Scientists may have pinpointed a microscopic reason why people suffering from the most common type of vertigo experience a distinct time lag between a rapid head motion and the onset of dizziness. The explanation, the researchers say, could be that it takes five to six seconds for minuscule crystals in the inner ear to sediment after the head moves suddenly, an event that can set a dizzy spell in motion.
The team of engineers and physicians from Harvard University, the California Institute of Technology, and Northwestern University reports in the August issue of the Journal of Biomechanics on a mathematical model they’ve developed to support this theory on the cause of benign paroxysmal positional vertigo (BPPV).
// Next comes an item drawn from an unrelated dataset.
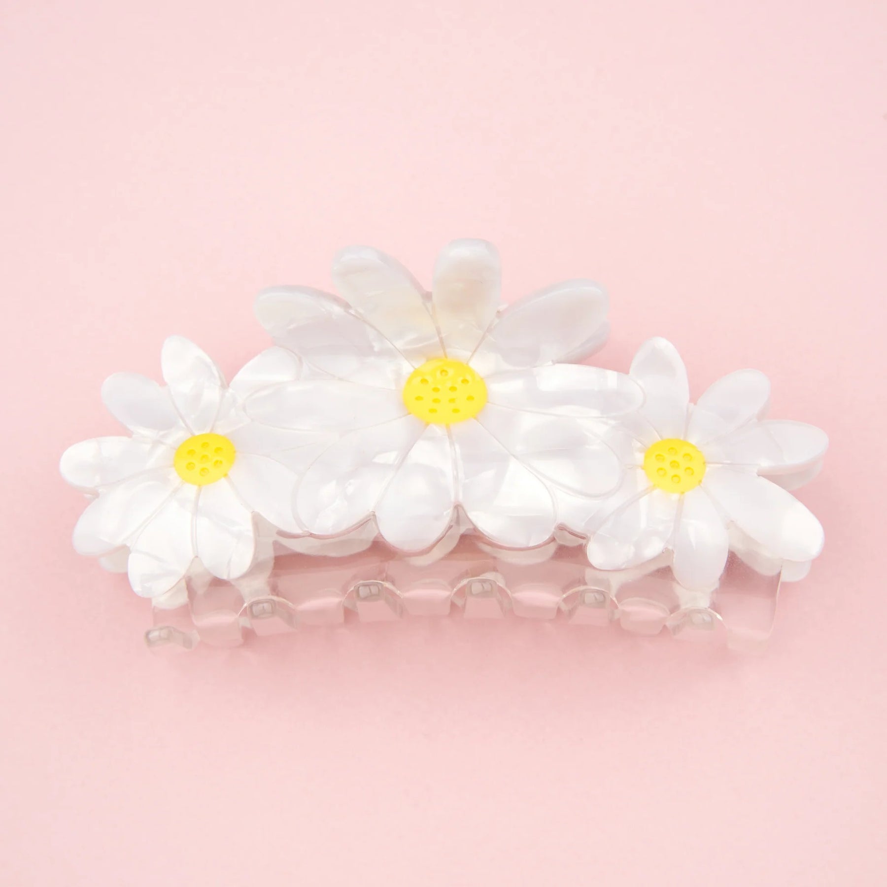 La pinza de Coucou Suzette, Trío Margaritas es el accesorio imprescindible que ha acompañado a nuestras clientas durante años. En su versión 2026, esta pinza de pelo floral ha sido mejorada para atrapar aún más mechones con facilidad. Perfecta para cualquier estación, crea peinados elegantes en un solo gesto. Un clásico reinventado que combina funcionalidad y estilo.

“While BPPV is not life-threatening, it induces disorientation that is severely discomforting and can cause nausea and accidents,” says Howard A. Stone, Harvard College Professor and Gordon McKay Professor of Chemical Engineering and Applied Mechanics in Harvard’s Division of Engineering and Applied Sciences. “We used hydrodynamic models to show that if tiny particles in the inner ear become dislodged, which researchers have previously posited as the trigger for BPPV attacks, the period of time for these particles to fall far enough to adversely impact pressure within the inner ear roughly matches the typical lapse between a head tilt and onset of vertigo.”
BPPV is a mechanical disorder originating in the vestibular system within the inner ear, where three fluid-filled semicircular canals detect head rotation about each of three axes. Many researchers believe BPPV attacks are triggered when calcite particles called otoconia, which normally reside in the inner ear, dislodge and interfere with proper functioning of these semicircular canals. The disorder is characterized by a lag of several seconds between a rapid head movement and the onset of a debilitating spinning sensation.
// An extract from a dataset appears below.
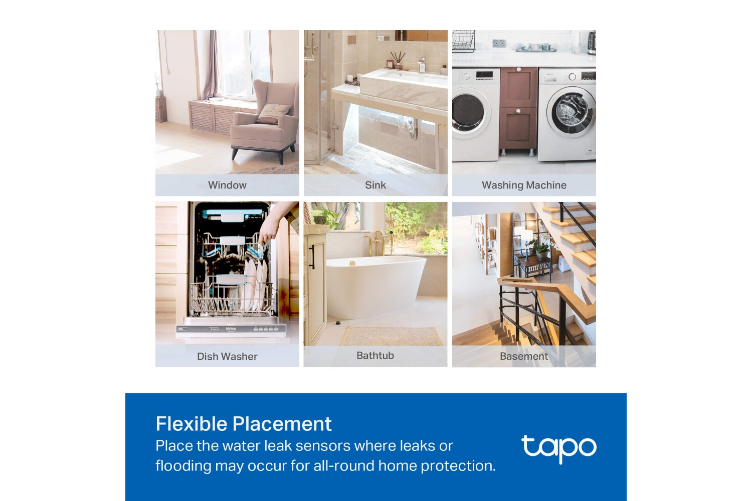 - Flexible placement: Wireless, designed to place in anywhere leaks or flooding may occur, like under the sinks, near washing machine, bathtub and more

Along with Harvard undergraduate (now GSAS graduate student) Michael S. Weidman, Todd M. Squires at Caltech, and Timothy C. Hain of Northwestern, Stone examined whether this delay might coincide with movement of otoconia. Their fluid-modeling work showed that the latency characteristic of BPPV nearly matches the amount of time it would take for loose otoconia to detrimentally affect pressure within the semicircular canals of the vestibular system.
“Otoconia are tiny, generally just a minute fraction of a millimeter, but still large enough to cause disruptions in the inner ear,” Stone says. “The otoconia settle over a period of five to six seconds to a point where the semicircular canals undergo a significant reduction in radius, increasing the pressure within the semicircular canals and possibly leading to dizziness.”
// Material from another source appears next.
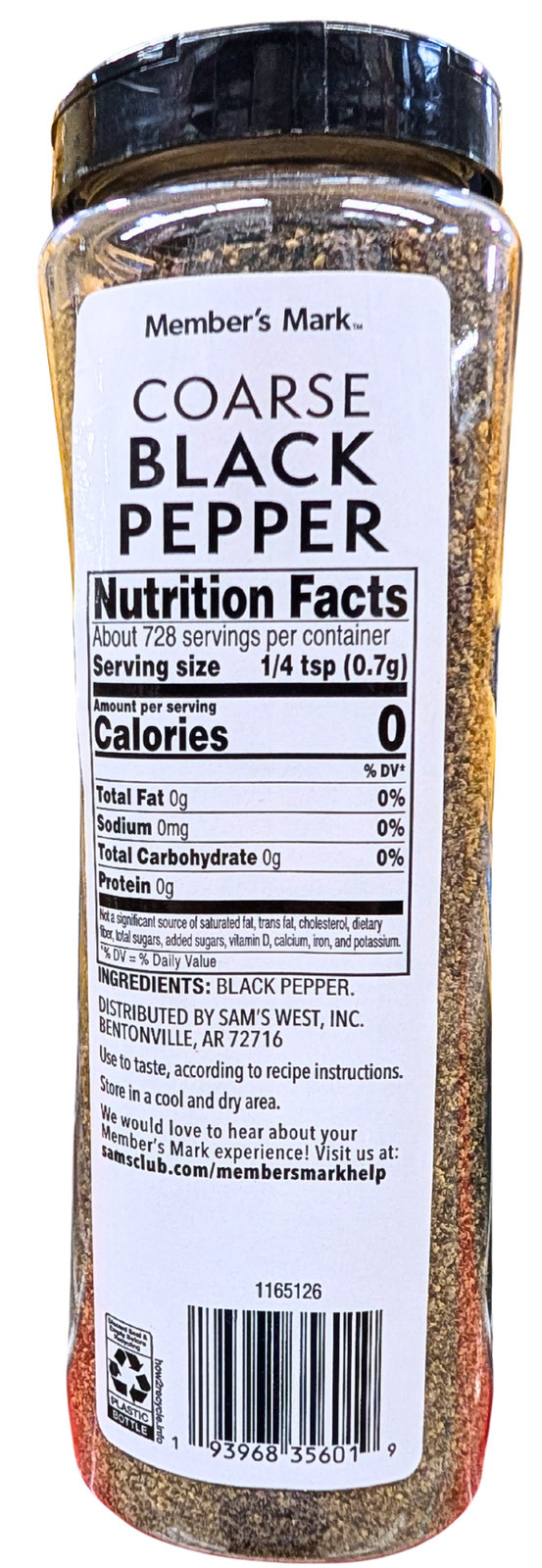 Member's Mark Restaurant Coarse Black Pepper 18 Oz EXP 07/2028

BPPV is also known as “top-shelf vertigo,” since attacks are often prompted by a sudden tilting back of the head, as if to look at objects on a high shelf. It is the most commonly diagnosed type of vertigo, with some studies suggesting that it affects 9 percent of older individuals. Treatment for BPPV is purely mechanical, involving a set of head motions (a common version is called the Epley maneuver) that are believed to flush otoconia from the sensitive semicircular canals.
Hain, a medical scientist who studies motor control of the head and neck, originally sought Stone’s assistance in studying the possible role of fluid dynamics in BPPV. Stone says that he, Squires, and Weidman, none of whom are physicians, bring a different perspective to a medical ailment that’s largely mechanical in nature. In addition, Stone and his collaborators are able to provide other quantitative insights useful for characterizing BPPV.
“This is a new way of thinking for the medical community, which tends to look at problems differently than engineers or physicists might,” he says. “Because of its mechanical nature, BPPV may be an illness that requires a degree of cooperation between physicians and engineers.”